Why Vulnerability Detection is Important in the IT Space

This interview is with Erik Costlow, Senior Director of Product Management of Azul. We will discuss cybersecurity and vulnerability detection.

Hi There! Can You Tell Us Your Name and What You Do?

My name is Erik Costlow, and my official title is Senior Director of Product Management, which means I focus on the “why” of each problem we solve.

Of all the things we can do, why should we choose this? Why does it matter to people?

Now that we know why it matters, in what way will we solve it?
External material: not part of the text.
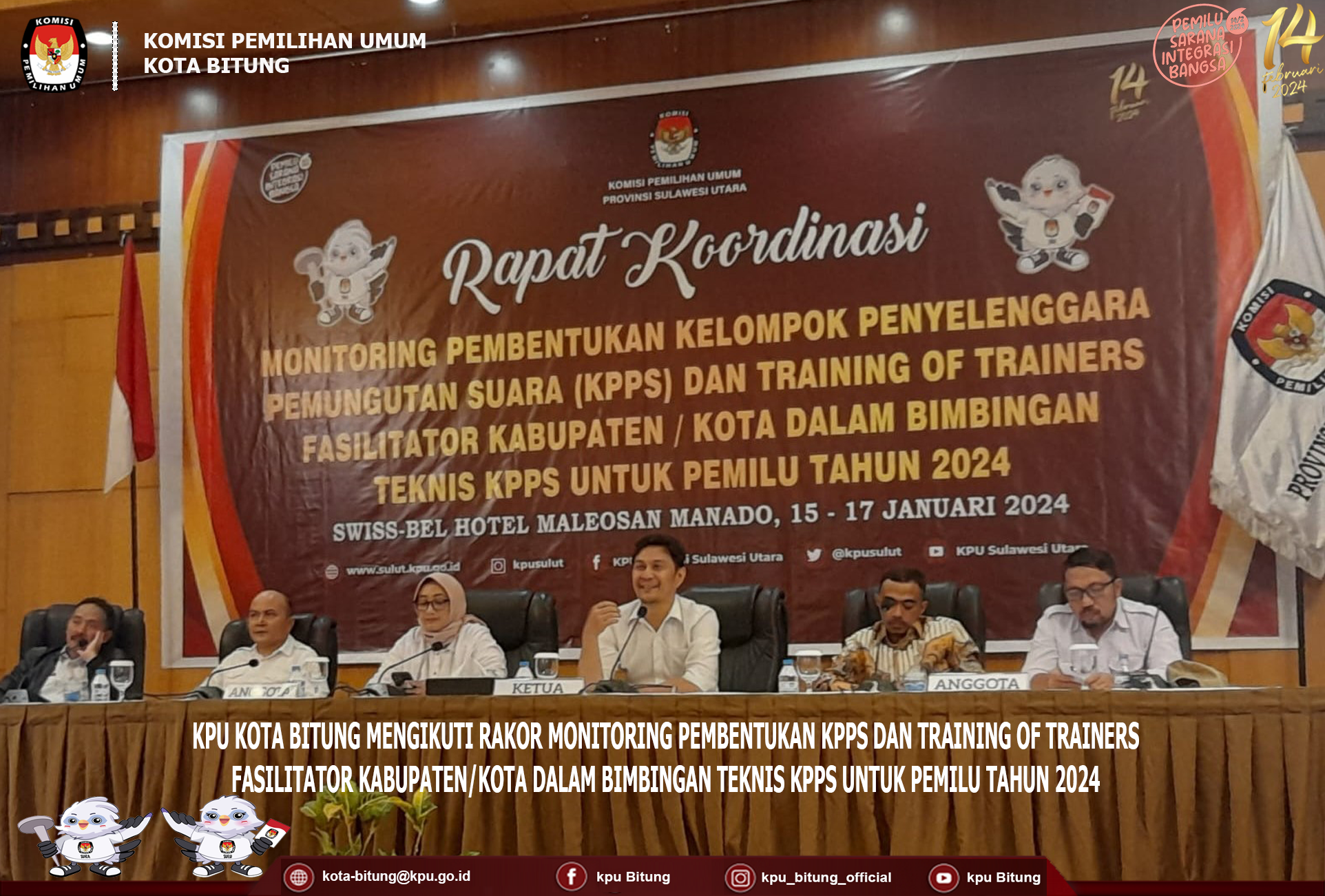 Manado, kota-bitung.kpu.go.id, Bertempat di Swiss - belhotel Manado KPU Kota Bitung mengikuti Rapat Koordinasi Pembentukan KPPS dan Training of Trainers Fasilitator Kabupaten/Kota dalam Bimbingan Teknis KPPS untuk Pemilihan Umum Tahun 2024.

Product Management is a triad of skills between engineering, sales, and marketing to understand how everything fits together.

How Did You Get Into the Cybersecurity Space?
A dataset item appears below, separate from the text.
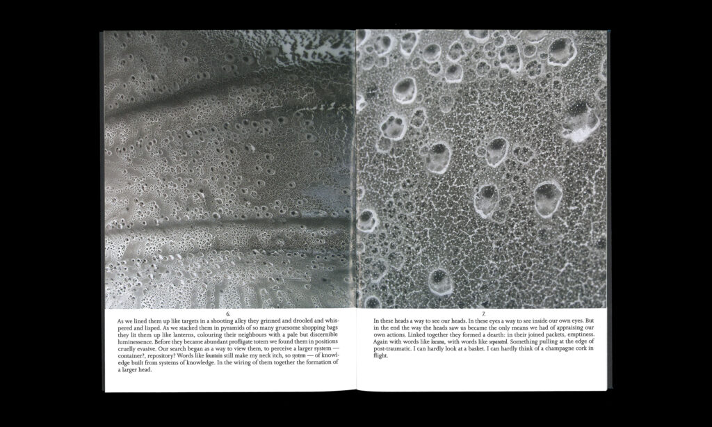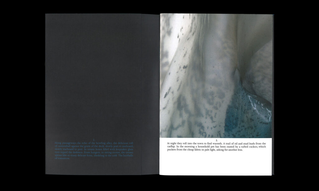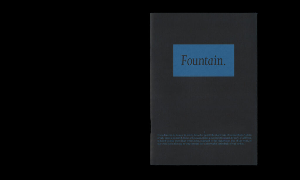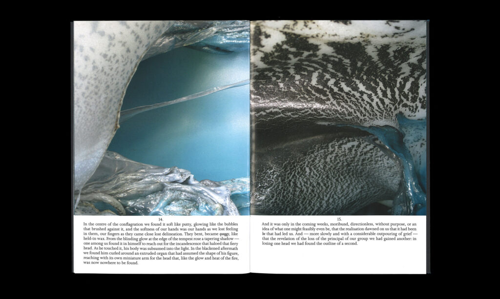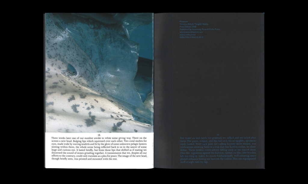 Vanessa Billy is a Swiss artist whose work utilises a wide variety of materials, such as bronze, silicone, bio-resin, metals, glass and plastics. Within her practice she addresses broader concerns regarding human consumption by including industrial products and objects, drawing parallels between physical and mental constructs and thereby also posing questions about the impact of human activity and its effects on life on our planet. ‘Fountain’ comprises a series of highly detailed, close-up and abstract images of various surfaces and shapes that have a fluid quality, reminiscent in colour and form to water or ice. The series is accompanied by a commissioned text by Thogdin Ripley.

I used to build software and thought it was cool to understand what types of corners I would cut.

By looking at systems, I could “figure them out” and make them do things they weren’t supposed to do, and that was pretty fun.

How Have Best Practices in Cyber Security Changed Over the Years?

A lot of the older “ivory tower” practices have been knocked down because the silo of expertise actually made things worse.

By focusing on perfection instead of moving quickly with sometimes messy development, the older practices were basically non-implementable.

I met a CISO once who had a special research matrix computer that cost millions of dollars because every algorithm was mathematically provable and verified – they used it as a doorstop because it was so hard no one could build on it.

What Exactly Is Vulnerability Detection?

Vulnerability Detection takes the last decade of application security and starts moving it into the JVM, where it’s automated and easy.

It really answers three questions: what components do I have (and where are they), are they vulnerable, and do I actually use that vulnerable code?

You’ll see a lot about SBOMs in the industry, so it’s focused on that overall inventory angle.

Why Is Vulnerability Detection Important for Users in the WEB3 Ecosystem?

The basic answer is that security is critically important for every technology and business ecosystem, and the consequences of unpatched vulnerabilities can be catastrophic - particularly for emerging environments.

Being able to rapidly identify and remediate vulnerabilities is one of many important requirements for their next-generation applications.

Thank you for agreeing to this interview Eric.